Она об этом часто спрашивает. И я отвечаю:
– Потому что у меня нет мужа, а для того, чтоб завести ребенка, нужен муж.
Она задает этот вопрос отчасти потому, что хочет, чтобы у меня родился еще один ребенок, а отчасти – потому, что хочет лишний раз спросить меня о роли Майкла в нашей жизни. Потом она интересуется:
– А Майкл здесь?
– Да, здесь, он еще спит, – говорю я твердо.

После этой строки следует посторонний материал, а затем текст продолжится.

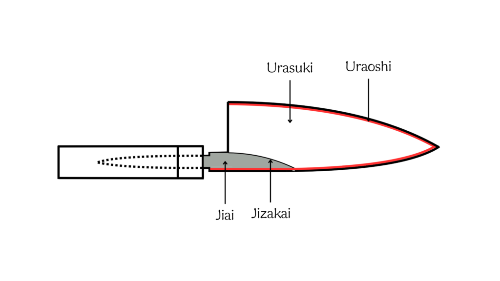 There are differences between Japanese knives and Western knives in terms of their shapes and the names used for each part.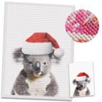 COGNOO DIYドリルダイヤモンドアートキット。大人向けのクリスマス帽子をかぶったコアラのイラスト。サイズ: 15.7×23.6インチ。

Твердость моего тона убеждает Дженет в том, что все в порядке, и она спокойно завершает завтрак. Комната уже прогрелась, она встает, и в своей белой пижамке кажется мне совсем хрупкой и очень уязвимой. Она обеими руками обнимает меня за шею, начинает раскачиваться взад и вперед и напевает колыбельную. Я тоже ее качаю, я ей пою – баюкаю ее, она становится младенцем, засыпающим там у соседей, ребенком, которого я не рожу. Потом, резко, она меня отпускает, и я упруго распрямляюсь, как дерево, которое пригнули до земли, а потом вдруг отпустили. Дженет одевается, что-то напевая вполголоса, все еще сонная, все еще тихая, спокойная. Я думаю о том, что эта безмятежность пребудет с ней еще на годы, пока она не станет жить под гнетом, когда придется начать думать так: через полчаса мне надо почистить картошку, об этом нельзя забыть, потом мне надо составить список, что купить у бакалейщика, а потом мне надо еще сменить воротничок на платье, только б не забыть, а потом… Мне очень хочется защитить ее от гнета, от давления, как-то все это отложить, отсрочить; потом я говорю себе, что не должна пытаться ее от этого закрыть, и эта моя потребность означает лишь то, что Анна хочет защитить Анну, саму себя. Дженет одевается медленно, что-то тихонько напевая, бормоча; ее движения ленивы и беспорядочны, как у пчелы на солнцепеке. Она надевает красную короткую юбку в складку, темно-синий свитер и длинные темно-синие чулки. Маленькая хорошенькая девочка. Дженет. Анна. Соседский ребенок спит; от него исходит блаженное молчание. Все спят, кроме меня и Дженет. Чувство особой близости, интимной исключительности – чувство, которое ко мне пришло, когда Дженет родилась, когда она и я нередко вдвоем бодрствовали в те часы, когда весь город вокруг нас спал. Это чувство теплой, ленивой, интимной радости. Дженет мне кажется настолько хрупкой, что я хочу к ней потянуться, закрыть ее руками, уберечь от шага неверного или от неосторожного движения; и в то же время настолько сильной, что эта сила делает ее бессмертной. Я чувствую то, что чувствовала ночью рядом с Майклом, – триумф, мне хочется смеяться: это прекрасное и удивительное, бессмертное человеческое существо живет, вот, оно здесь, вопреки тяжелому грузу смерти.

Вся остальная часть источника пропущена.